For the feature-based learning conducted as the baseline, the accuracy (F_m; weighted F1 score) for SVM, NB, and RF were 84.933 (84.706), 53.382 (52.108), and 53.400 (47.439), respectively. Note, here the length of the partitioning windows was T = 150 (approx. 3 s). Despite the extensive feature engineering work, the deep learning-based approach demonstrated higher performance. The accuracy (F_m) for LSTM, LSTM with attention mechanism (LSTM + Att), Conv1D, GRU with attention mechanism (GRU + Att) and GRU when the length of partitioning windows was T = 150 (approx. 3 s) were 97.158 (97.156), 97.096 (97.097), 96.976 (96.971), 96.902 (96.903), and 96.788 (96.782) respectively. There was no significant performance difference with the addition of attention. The benefits of an attention mechanism will be discussed in Section 5. Detailed classification performances are listed in Table 5.

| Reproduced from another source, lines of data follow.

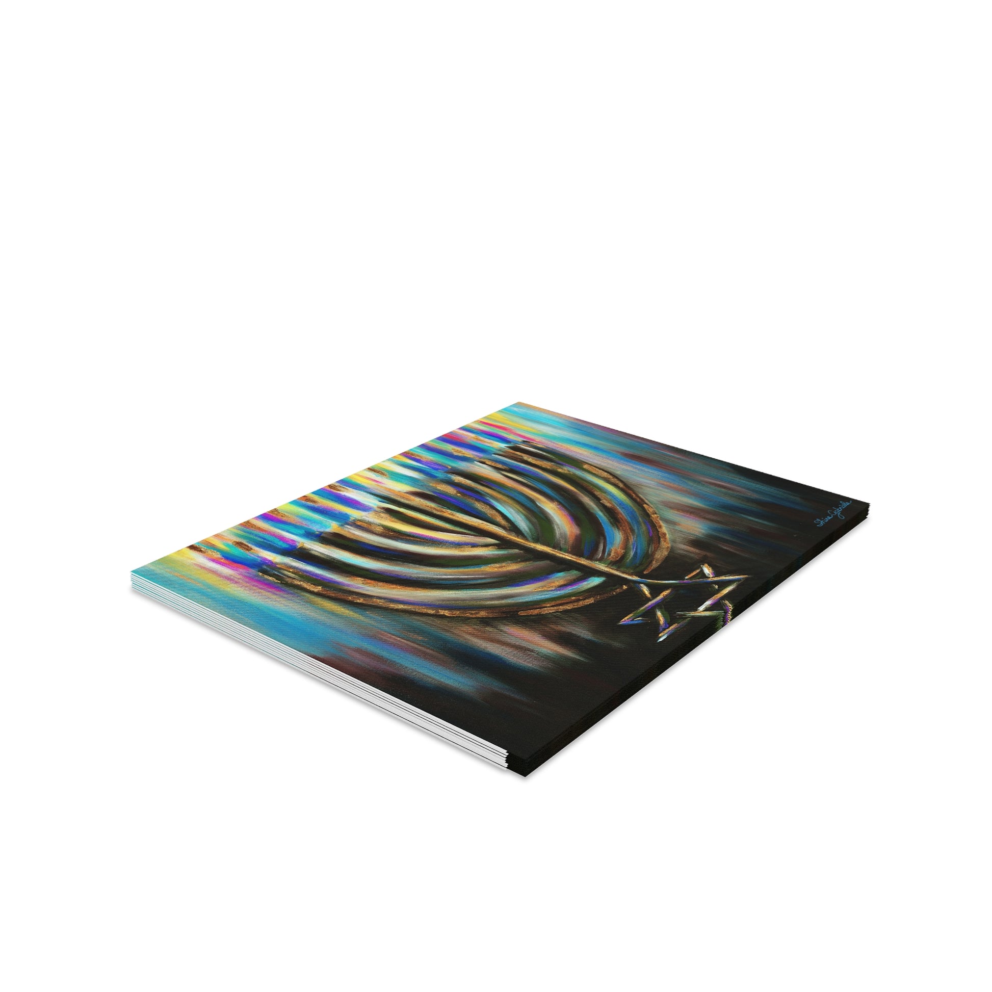 Celebrate the festival of lights with these painterly menorah Chanukah cards by Shira Gabriela. Reminding us to spread the light, these vibrant cards are perfect for sending warm wishes to friends and family during the holiday season. Relevant to those celebrating Chanukah and looking to share meaningful messages.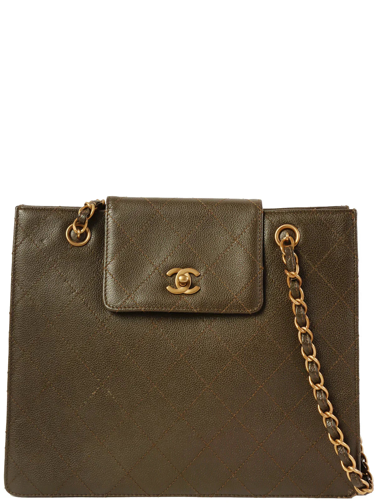 CHANEL Around 1998 Made Caviar Skin Turn-Lock Tote Bag Brown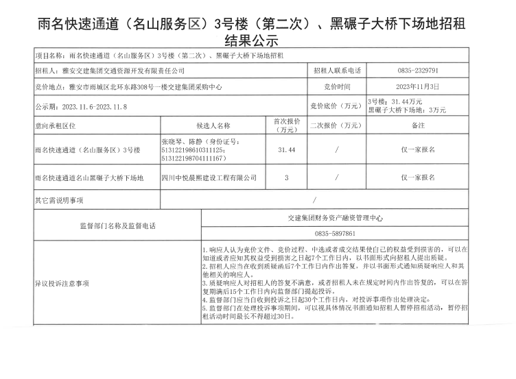 ÑŰ²½»½¨¼¯ˆF(tu¨¢n)½»Í¨ÙYÔ´é_°l(f¨¡)ÓÐÏÞØŸ(z¨¦)Èι«Ë¾ÓêÃû¿ìËÙͨµÀ£¨Ãûɽ·þ„Õ(w¨´)…^(q¨±)£©3Ì–(h¨¤o)˜Ç£¨µÚ¶þ´Î£©ºÚÄë×Ó´ó˜òψö(ch¨£ng)µØÕÐ×â½Y(ji¨¦)¹û¹«Ê¾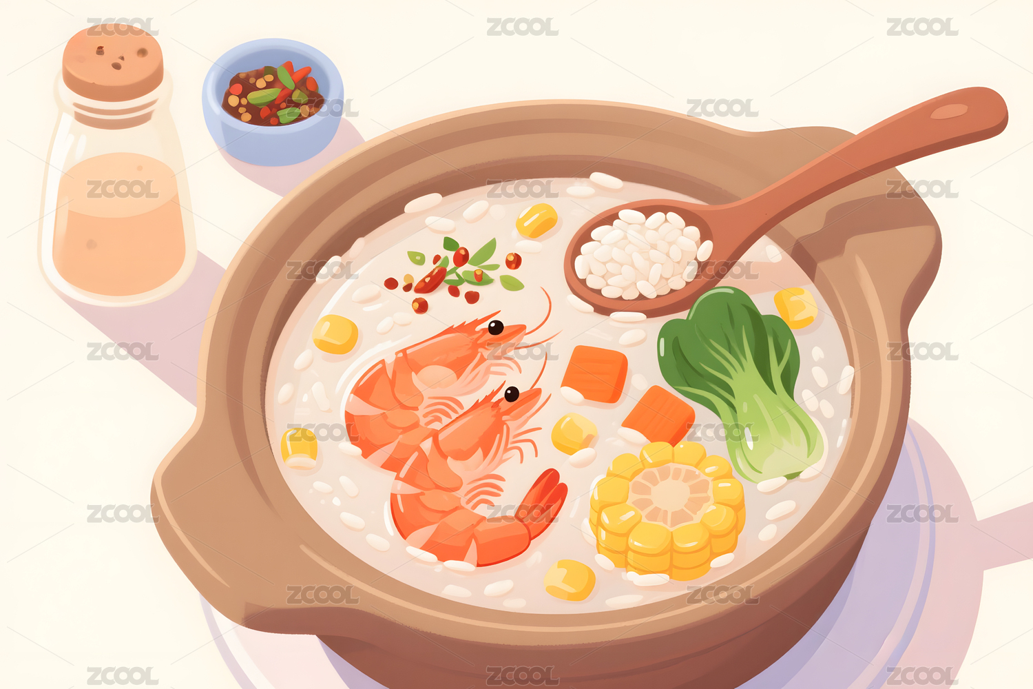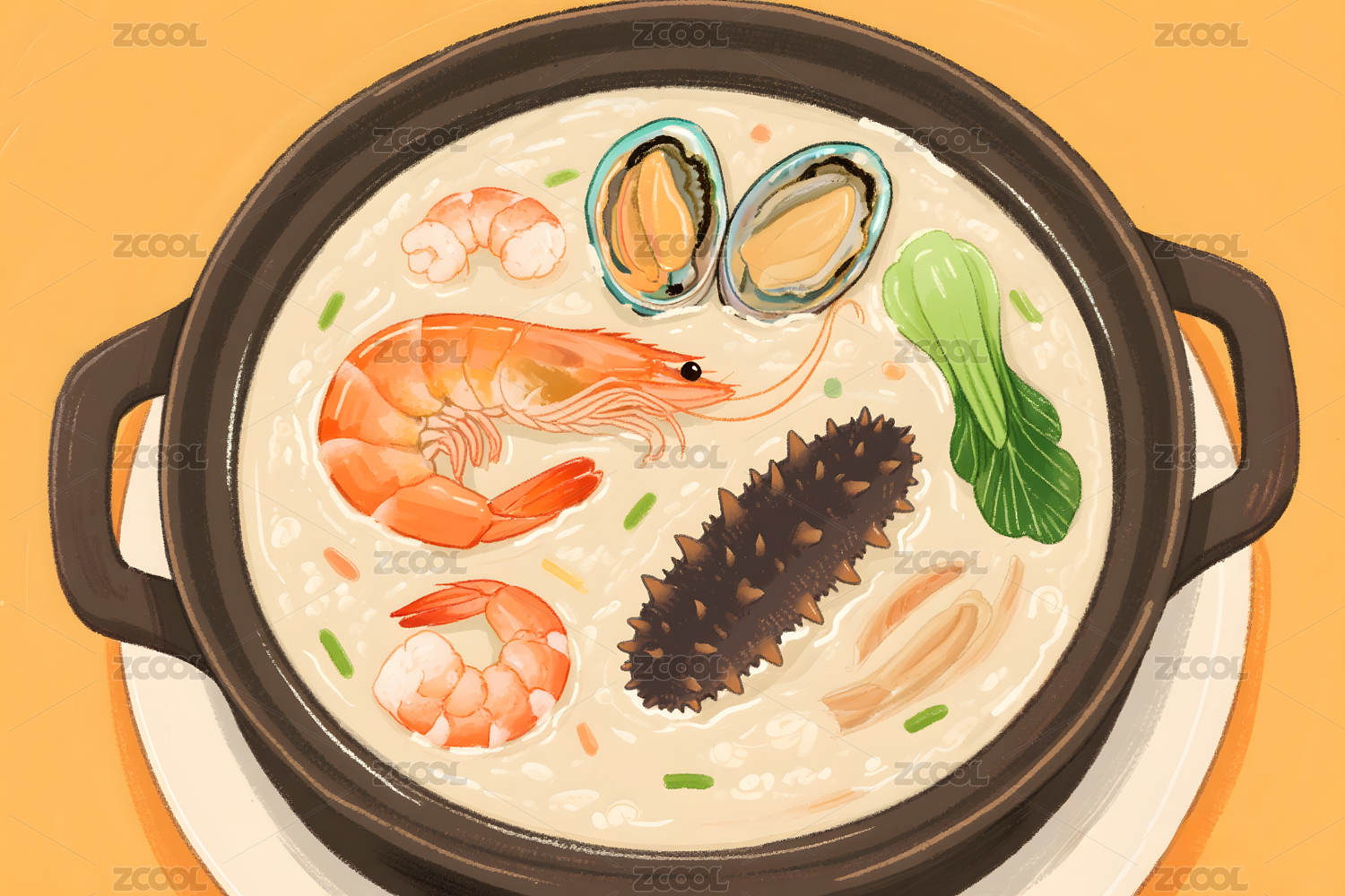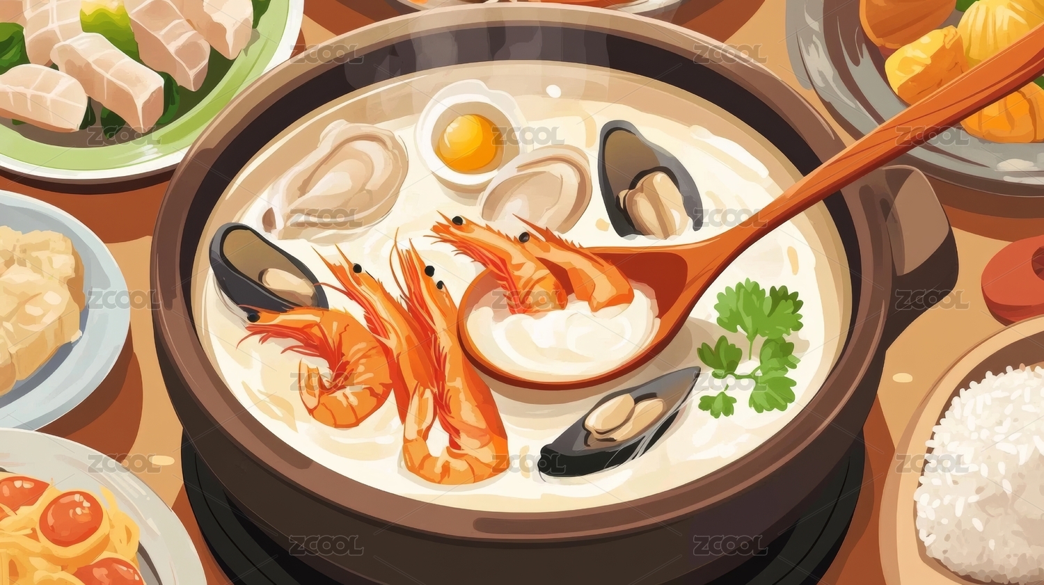海鲜,砂锅,汤,虾,贝类,热气,美食,插画,暖汤,海鲜锅

We also examined the high-dimensional internal features (D = 64 in our case) learned by our deep neural networks, such as Conv1D, LSTM, GRU, LSTM + Att, and GRU + Att, using t-distributed stochastic neighbor embedding (t-SNE) [51]. The two-dimensional embeddings projected from the last fully-connected layer are shown in Figure 8.

4.2. Blind Test

We collected an additional blind test dataset to further evaluate the robustness of the proposed system. The blind test data was collected from the subjects who did not participate in the experiment. We obtained the blind test dataset in a comparable but not identical environment to the training data because the blind test dataset was obtained assuming real-world conditions (e.g., flat walkway and field tracks on campus). Table 7 shows the total time spent on each class. Cumulatively, we collected a total of 35.90 min of data for the 18 classes, which is approximately 1.99 min (std: 0.87 min) for each class. The sampling rate was set to 50 Hz, the same as for the training dataset.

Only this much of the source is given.